- ACTION ITEM -
Please give back word for word the lines of the material below between the line containing "中新網(wǎng)4月15日" and the line containing "四、请你调查一下家人们喜欢的", inclusive.

- EXERCISE DATA -
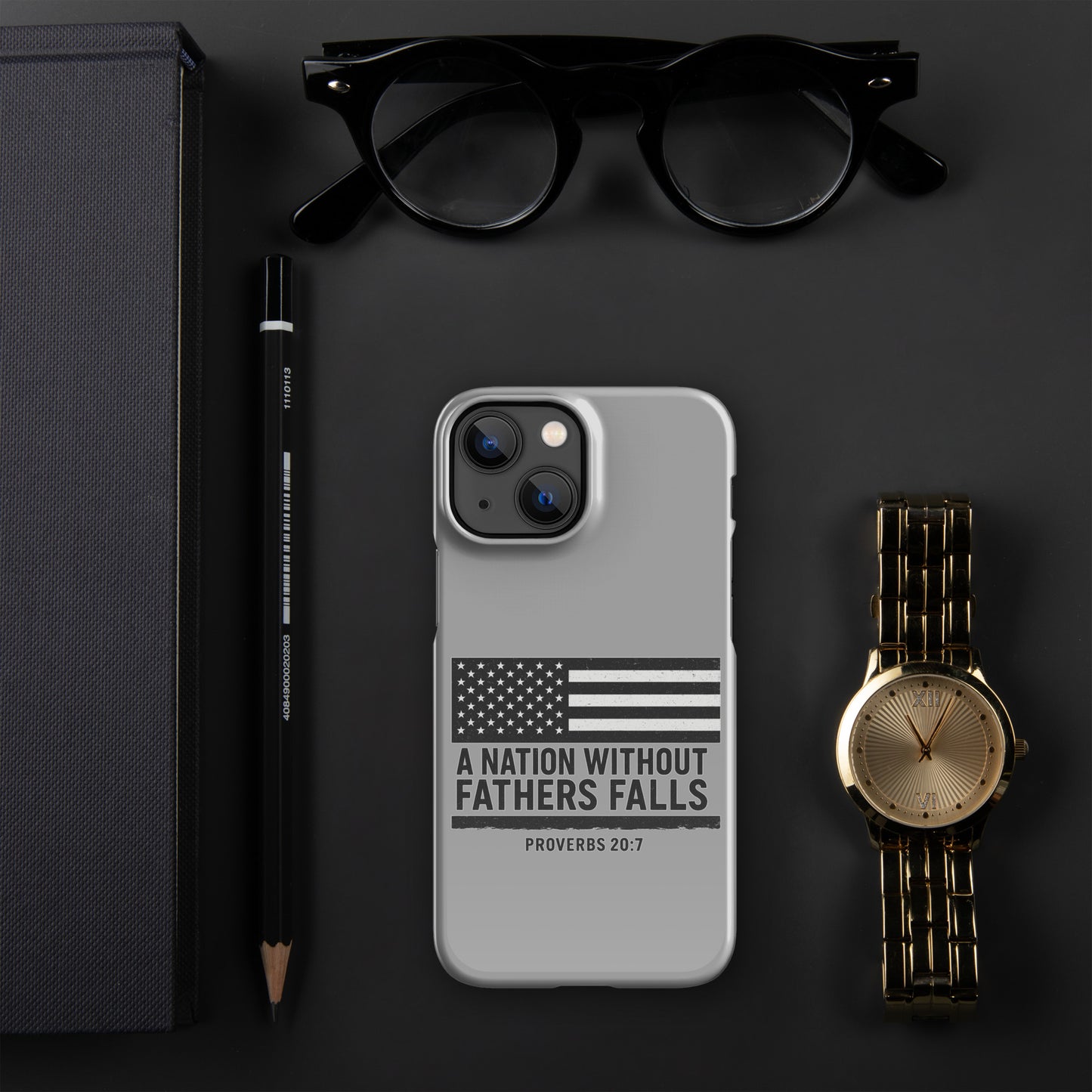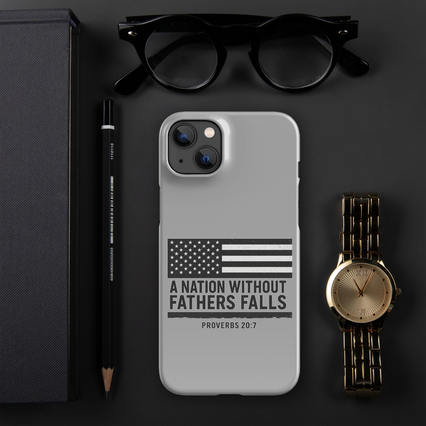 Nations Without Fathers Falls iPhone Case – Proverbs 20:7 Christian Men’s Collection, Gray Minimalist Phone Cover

--

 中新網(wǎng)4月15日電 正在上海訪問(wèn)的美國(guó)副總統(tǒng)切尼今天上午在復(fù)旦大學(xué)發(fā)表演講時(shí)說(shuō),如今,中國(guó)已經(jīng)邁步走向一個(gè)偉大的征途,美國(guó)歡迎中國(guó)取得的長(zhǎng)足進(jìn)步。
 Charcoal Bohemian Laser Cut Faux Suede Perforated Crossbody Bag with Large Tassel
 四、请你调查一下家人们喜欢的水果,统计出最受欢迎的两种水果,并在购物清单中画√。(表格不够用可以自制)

...

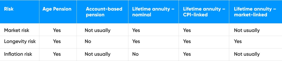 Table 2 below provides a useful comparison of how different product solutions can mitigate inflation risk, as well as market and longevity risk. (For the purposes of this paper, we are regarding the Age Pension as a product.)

- SOLUTION TO THIS PROBLEM -
 中新網(wǎng)4月15日電 正在上海訪問(wèn)的美國(guó)副總統(tǒng)切尼今天上午在復(fù)旦大學(xué)發(fā)表演講時(shí)說(shuō),如今,中國(guó)已經(jīng)邁步走向一個(gè)偉大的征途,美國(guó)歡迎中國(guó)取得的長(zhǎng)足進(jìn)步。
 Charcoal Bohemian Laser Cut Faux Suede Perforated Crossbody Bag with Large Tassel
 四、请你调查一下家人们喜欢的水果,统计出最受欢迎的两种水果,并在购物清单中画√。(表格不够用可以自制)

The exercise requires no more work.